Early infantile epileptic encephalopathy affects a small number of children, but can lead to developmental delays, intellectual impairment, and even early death. While variants in more than 50 genes have been linked to the condition, University of Utah researchers said gene panel- and whole-exome sequencing-based diagnostics have a yield of about 60 percent.

The researchers combined deep whole-genome sequencing and a new reference-free de novo variant calling algorithm they developed and applied it to a cohort of 14 patients for whom previous testing led to no diagnosis. They uncovered causal mutations in 12 of these patients. As they wrote in npj Genomic Medicine today, the researchers said their findings suggest whole-genome analysis could soon be a standard approach for diagnosing EIEE.

"These families have been drifting through expensive prolonged testing with little hope of finding an answer," first author Betsy Ostrander from University of Utah School of Medicine said in a statement. "We can now identify the genetic cause of EIEE and select medications best suited to each patient to decrease the frequency of seizures earlier and hopefully prevent developmental delays."

Ostrander and her colleagues used the Illumina HiSeq X platform to sequence the 14 individuals they recruited into their study, as well both parents of each child, to an average 65X coverage. The researchers said they sought deep coverage to boost their accuracy in uncovered de novo variants.

They took two approaches to tease out variants within the trios. One relied on a combination of the GATK pipeline to find SNVs and indels with the LUMPY structural variant detection tool and the SVTyper tool that generates SV genotypes. They also used RUFUS, an alignment-free algorithm they developed to compare trio data to tease out de novo mutations. RUFUS, they reported, was able to identify all types of de novo variation in one step and with higher specificity.

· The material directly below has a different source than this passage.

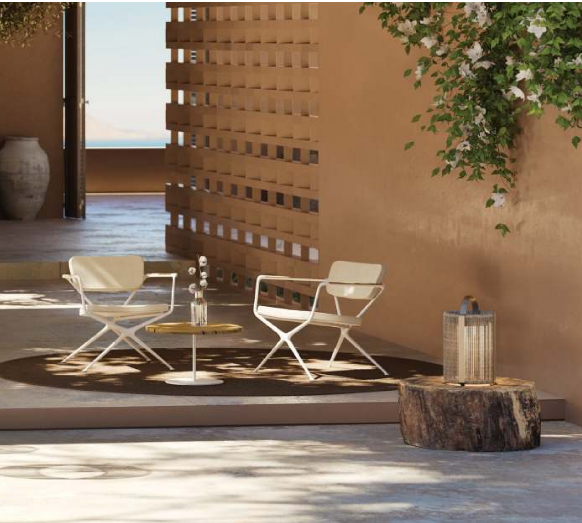
EXES 77 LOW CHAIR (P. 249) - BUTLER 40 SIDE TABLE (P. 221) - RUG (P. 385) - ROPY LIGHT

The researchers prioritized the variants they found based on whether they were missense, frameshift, or nonsense variants that fell in known EIEE genes, candidate EIEE genes, or other regions using the GEMINI framework.

For nine patients, the researchers uncovered single, de novo variants in which they had high confidence in pathogenicity. For seven, they found de novo missense mutations affecting ion channel genes like SCNA1, SCN2A, and KCNQ2 that have known links to EIEE. In the two others, they found missense mutations affecting the EEF1A2 and PIGA genes.

In two additional patients, the researchers uncovered de novo missense of putative loss-of-function mutations in the protein-coding region of genes that hadn't before been associated with EIEE: DEAF1 and CAMK2G.

Since these mutations all fell within exonic regions, the researchers noted that exome sequencing rather than whole-genome sequencing might have been able to pick them up. However, they added that three of those patients had previously been evaluated using commercial, exome-based gene panels and hadn't received a diagnosis.

In one case, the researchers uncovered a de novo, inverted, balanced translocation affecting the X chromosome and chromosome 2. This, they said, likely alters X-inactivation and transcription patterns, possibly affecting the regulation of MECP2, and would only have been picked up through whole-genome sequencing.

The researchers argued that whole-genome sequencing offers a number of advantages for diagnosing monogenic diseases like EIEE. One such advantage, they said is cost. Even though the cost of sequencing remains high, they noted the participants in their study had undergone, in some cases, years of diagnostics tests — each had undergone a minimum of 24 diagnostic tests, costing an average $30,866. Whole-genome sequencing, they concluded, could save both time and money.